Today’s guest post was contributed by Caitlin Rossi, a scientific and medical writer. Her work can be found at caitlinrossi.com.

Sexual determination is one of the most fundamental themes in biology, but geneticists are still trying to define exactly what gives rise to an egg or a sperm in Drosophila, or the fruit fly. When it comes to the female sexual determination pathway, the OVO gene has been hypothesized as a key player in this genetic network, abundant in XX reproductive cells but sparse in X reproductive cells. While the OVO locus has been well-detailed in the literature, the rise of new technical advances just may have rendered the legacy genetic model outdated.

Taking advantage of novel genetic methods, a new study published in G3: Genes|Genomes|Genetics explores OVO expression and localization in developing and adult germ cells. The authors set out to determine whether this gene is essential for female reproductive cells to survive in the embryonic and adult germline. Ultimately, the study helps answer one of the most vital lingering queries in genetics: How do reproductive cells, which at first seem the same between the sexes, go on to become radically different?

The authors examined OVO activity using short- and long-read RNA sequencing. To visualize and study its behavior, they endogenously tagged OVO and used a flip-out construct—a genetic tool that removed OVO from target cells to study the effect of its absence and better understand its overall function. Not only was OVO present in all adult female germ cells, it was also passed down to newly formed germ cells. The mother’s supply of OVO remained steady until the cells of the offspring—both female and male—were able to begin gene activity and make their own OVO.

While both female and male germ cells expressed OVO during the larval stage, only females needed it to be viable. After the initial maternal supply dwindled, female germ cells that could not create their own became sterile. The authors concluded that OVO is likely always present in the Drosophila female germline from one generation to the next. If OVO stimulates its own production as seen in this study, it is possible that maternal OVO expression will be necessary to activate zygotic OVO expression. Maybe reproductive cells need OVO to make OVO.
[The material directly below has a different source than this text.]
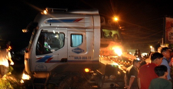 Xe đầu kéo khi qua đường ngang dân sinh bất ngờ khựng lại đúng lúc đoàn tàu SE5 đang lao tới. Cú tông trực diện khiến xe container văng xa, đầu tàu hoả hư hỏng nặng.

This updated, detailed OVO genetic model expands our current understanding of the OVO locus. OVO appears to be a major factor underlying germline sexual identity and required for female germ cell viability. Specifically, continuous OVO-B expression is necessary to differentiate female germ cells, while the role of wild-type OVO-A isoform remains a genetic mystery. Future research comparing OVO regulation in male and female germ cells will offer further insight into sexual reproduction and early embryonic development.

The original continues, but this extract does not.